荷物優先のレイアウトから脱却し、働く人の運転しやすさを重視した 荷物優先のレイアウトから脱却し、働く人の運転しやすさを重視した (クリックして拡大) 出典:ダイハツ工業

 従来の軽商用車のレイアウトは、限られた全長の中で荷室を確保するためエンジンの上に運転席を設けるキャブオーバーのFR車となっている。ダイハツ工業の調査では、こうした軽キャブバンや軽ボンネットバンに対して、室内の静粛性や足元の広さ、乗り心地にユーザーが不満を持っていることが分かっている。

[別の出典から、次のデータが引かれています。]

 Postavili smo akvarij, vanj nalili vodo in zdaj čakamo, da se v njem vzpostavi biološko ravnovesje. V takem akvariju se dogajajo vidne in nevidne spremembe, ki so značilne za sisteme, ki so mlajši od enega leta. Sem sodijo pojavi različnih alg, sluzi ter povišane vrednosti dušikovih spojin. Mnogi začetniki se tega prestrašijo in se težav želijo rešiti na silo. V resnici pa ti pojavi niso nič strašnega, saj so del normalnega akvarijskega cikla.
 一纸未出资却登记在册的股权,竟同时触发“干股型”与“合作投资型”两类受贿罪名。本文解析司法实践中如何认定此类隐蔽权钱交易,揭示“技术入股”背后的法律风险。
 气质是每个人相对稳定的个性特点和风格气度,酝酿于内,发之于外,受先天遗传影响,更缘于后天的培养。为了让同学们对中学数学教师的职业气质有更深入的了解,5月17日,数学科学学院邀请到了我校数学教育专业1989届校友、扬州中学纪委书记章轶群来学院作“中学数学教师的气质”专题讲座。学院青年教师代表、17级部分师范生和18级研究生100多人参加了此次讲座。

 ドライバーにとって快適ではないレイアウトで荷室を確保しているにも関わらず、荷室の使用率や積載重量は減少傾向にある。荷室使用率は2004年の50%から2014年は45%に、平均積載重量は2004年の133kgから2014年は117kgに低下した。また、軽商用車よりも荷室の狭い「ウェイク」や「タント」といった軽乗用車を商用用途で使う例も増加しているという。

 こうしたニーズの変化を踏まえ、荷室の広さではなくドライバーの快適性を重視した軽商用車の投入を決めた。運転席の前方にエンジンを置くFF車のレイアウトでありながら、広さと使い勝手の良さを追求してきた軽乗用車のパッケージングを活用した。

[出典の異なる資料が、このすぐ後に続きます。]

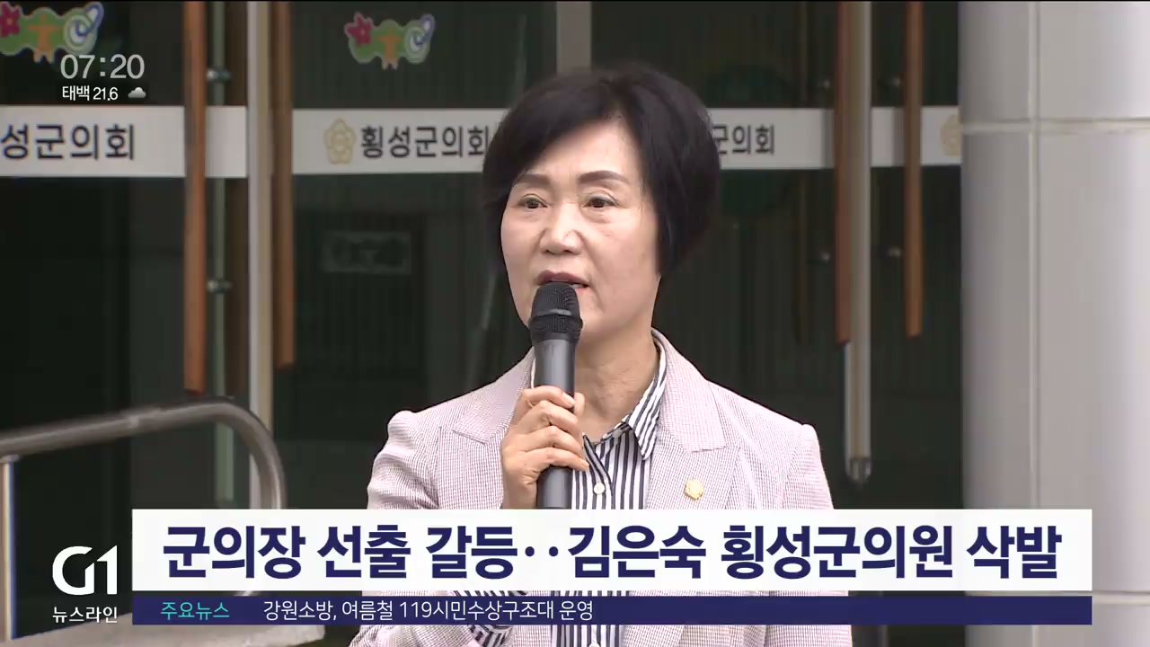 횡성군의회는 최근 후반기 의장으로 국민의힘 표한상 의원을 선출한 직후 경합했던 같은당 김은숙 의원이 탈당하는 등 내홍을 치렀습니다.
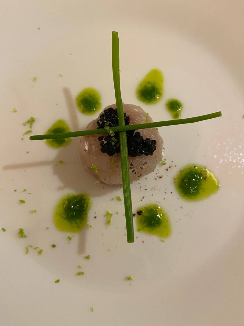 Voorgerecht: Kalfs-tartaar met Hollandse garnalen en kokkels.

軽乗用車で培ったFF車のパッケージングを活用した 軽乗用車で培ったFF車のパッケージングを活用した (クリックして拡大) 出典:ダイハツ工業

 エンジンを運転席前方に置くレイアウトとすることにより、静粛性を向上するとともに、音の進入経路を遮断し、吸遮音材の最適に配置できたため、競合他社の登録車のFFバンと同等の会話明瞭度を実現したとしている。

 また、ハイゼット キャディーのステアリングの角度は30度で、38度の現行の軽商用バン「ハイゼット カーゴ」よりも乗用車感覚で運転できるようにした。

 ハイゼット カーゴの最大積載量は2人乗車時の自然吸気(NA)エンジンモデルで350kgだが、ハイゼット キャディーの最大積載量は150kgとなる。

 乗車定員はハイゼット カーゴが最大4人だったが、ハイゼット キャディーはリアシートを設けておらず、2人までだ。